Dictionary of National Biography, 1885-1900/Brackenbury, Edward
BRACKENBURY, Sir EDWARD (1785–1864), lieutenant-colonel, a direct descendant from Sir Robert Brackenbury, lieutenant of the Tower of London in the time of Richard III, was second son of Richard Brackenbury of Aswardby, Lincolnshire, by his wife Janetta, daughter of George Gunn of Edinburgh, and was born in 1785. Having entered the army as an ensign in the 61st regiment in 1803, and become a lieutenant on 8 Dec. in the same year, he served in Sicily, in Calabria, at Scylla Castle and at Gibraltar, 1807-8, and in the Peninsula from 1809 to the end of the war in 1814. At the battle of Salamanca he took a piece of artillery from the enemy, guarded by four soldiers, close to their retiring column, without any near or immediate support, and in many other important engagements conducted himself with distinguished valour. As a reward for his numerous services he received the war medal with nine clasps.

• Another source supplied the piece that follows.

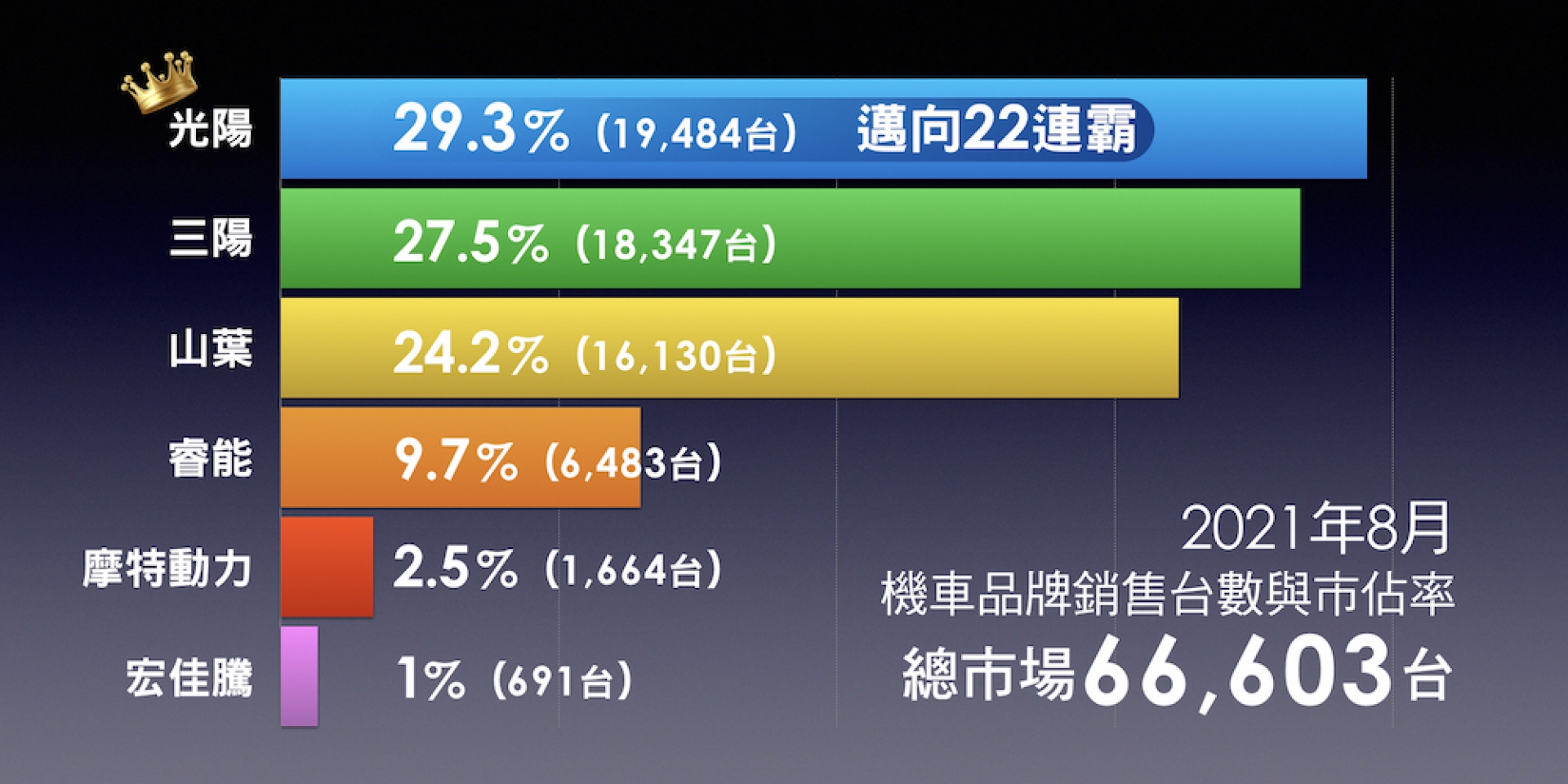 疫情微解封,台灣民眾報復性消費風潮也吹向機車市場,一掃五六月因疫情腰斬業績的市場陰霾,八月總市場銷量達66,603台接近疫情前今年單月最高峰3月70,753台。龍頭品牌KYMCO光陽工業仍以19,484台領牌數稱霸群雄,銷售量大贏一路纏鬥的SYM三陽18,347台,八月29.3%市佔穩坐龍頭,全年度以30.53%市佔居冠,是唯一車廠站上市佔率30%的機車業者。

On 22 July 1812 he was promoted to a captaincy, and after the conclusion of the war was attached to the Portuguese and Spanish army from 25 Oct. 1814 to 25 Dec. 1816, when he was placed on half-pay. He served as a major in the 28th foot from 1 Nov. 1827 to 31 Jan. 1828, when he was again placed on half-pay. His foreign services were further recognised by his being made a knight of the Portuguese order of the Tower and Sword in 1824, a knight of the Spanish order of St. Ferdinand, and a commander of the Portuguese order of St. Bento d'Avis.
Brackenbury, who was knighted by the king at Windsor Castle on 26 Aug. 1836, was a magistrate and deputy-lieutenant for the county of Lincoln. He attained to the rank of lieutenant-colonel on 10 Jan. 1837, and ten years afterwards sold out of the army. He died at Skendleby Hall, Lincolnshire, on 1 June 1864.
He was twice married: first, on 9 June 1827, to Maria, daughter of the Rev. Edward Bromhead of Reepham near Lincoln, and, secondly, in March 1847, to Eleanor, daughter of Addison Fenwick of Bishopwearmouth, Durham, and widow of W. Brown Clark of Belford Hall, Northumberland. She died in 1862.
[Gent. Mag. 1864, part ii. 123; Cannon's The Sixty-first Regiment (1837), pp. 24, 31, 67.]